Ling Tianheng, Qian Chao, Klann Theodor Mario, Hoever Julian, Einhaus Lukas, Schiele Gregor
Intelligent Embedded Systems of Computer Science, University of Duisburg-Essen, 47057 Duisburg, Germany.
Sensors (Basel). 2024 Dec 26;25(1):83. doi: 10.3390/s25010083.

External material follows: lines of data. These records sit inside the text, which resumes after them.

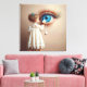 A young girl standing on a ladder wearing an elegant white lace dress wipes a tear from a large, realistic blue eye on a wall
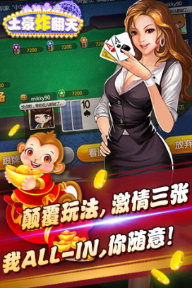 土豪炸翻天是一款极具特色的棋牌类手机游戏,以扑克玩法为主,简洁精致的游戏界面,规则简单易上手的游戏玩法,还有美女主播全程在线陪你玩哦!心动不如行动,赶快加入吧!土豪炸翻天游戏简介土豪炸翻天游戏取自经典的三张牌比大小玩法,融入了趣味而夸张的风格与特色;下载突破500万次,万人火爆在线,土豪,美女,陪你激战到天亮。更有海量话费,时尚手机大礼包等您来赢取!骚年,还在犹豫神马?土豪炸翻天游戏特色主播场--性感主播陪你嗨到底土豪场--任性土豪陪你一掷万金闷牌场--够胆就来闷到底激情场–你敢ALLIN我敢跟
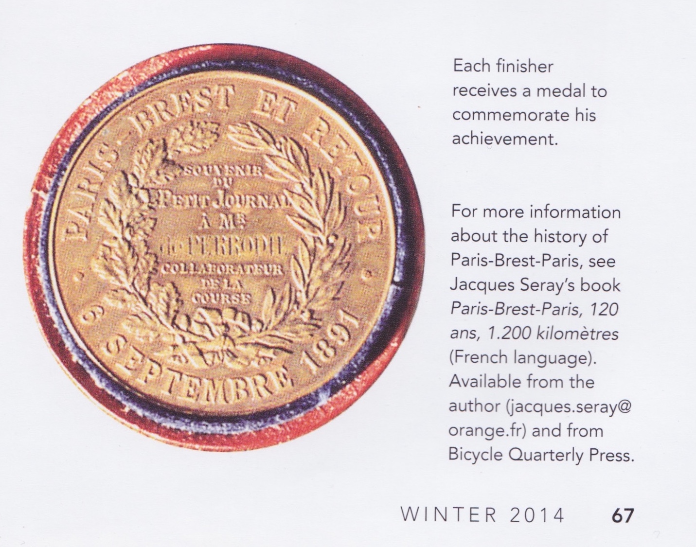 This is far more likely to be the official PBP finishers medal from 1891. This image is from Bicycle Quarterly, Winter 2014.
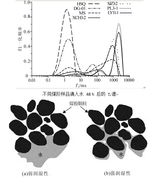 水滴入強水濕煤粉中測得T2弛豫譜僅存在吸附態水峰與顆粒間水峰,弱水濕煤粉則存在自由態水峰、顆粒間水峰和吸附態水峰。煤粉越水濕,水在煤粉顆粒間擴散越明顯,在顆粒間形成的水膜面積越大,使得顆粒間水峰和自由態水峰弛豫時間越短,隨時間變化向左移動規律越明顯。

This study presents a comprehensive workflow for developing and deploying Multi-Layer Perceptron (MLP)-based soft sensors on embedded FPGAs, addressing diverse deployment objectives. The proposed workflow extends our prior research by introducing greater model adaptability. It supports various configurations-spanning layer counts, neuron counts, and quantization bitwidths-to accommodate the constraints and capabilities of different FPGA platforms. The workflow incorporates a custom-developed, open-source toolchain that facilitates quantization-aware training, integer-only inference, automated accelerator generation using VHDL templates, and synthesis alongside performance estimation. A case study on fluid flow estimation was conducted on two FPGA platforms: the AMD Spartan-7 XC7S15 and the Lattice iCE40UP5K. For precision-focused and latency-sensitive deployments, a six-layer, 60-neuron MLP accelerator quantized to 8 bits on the XC7S15 achieved an MSE of 56.56, an MAPE of 1.61%, and an inference latency of 23.87 μs. Moreover, for low-power and energy-constrained deployments, a five-layer, 30-neuron MLP accelerator quantized to 8 bits on the iCE40UP5K achieved an inference latency of 83.37 μs, a power consumption of 2.06 mW, and an energy consumption of just 0.172 μJ per inference. These results confirm the workflow's ability to identify optimal FPGA accelerators tailored to specific deployment requirements, achieving a balanced trade-off between precision, inference latency, and energy efficiency.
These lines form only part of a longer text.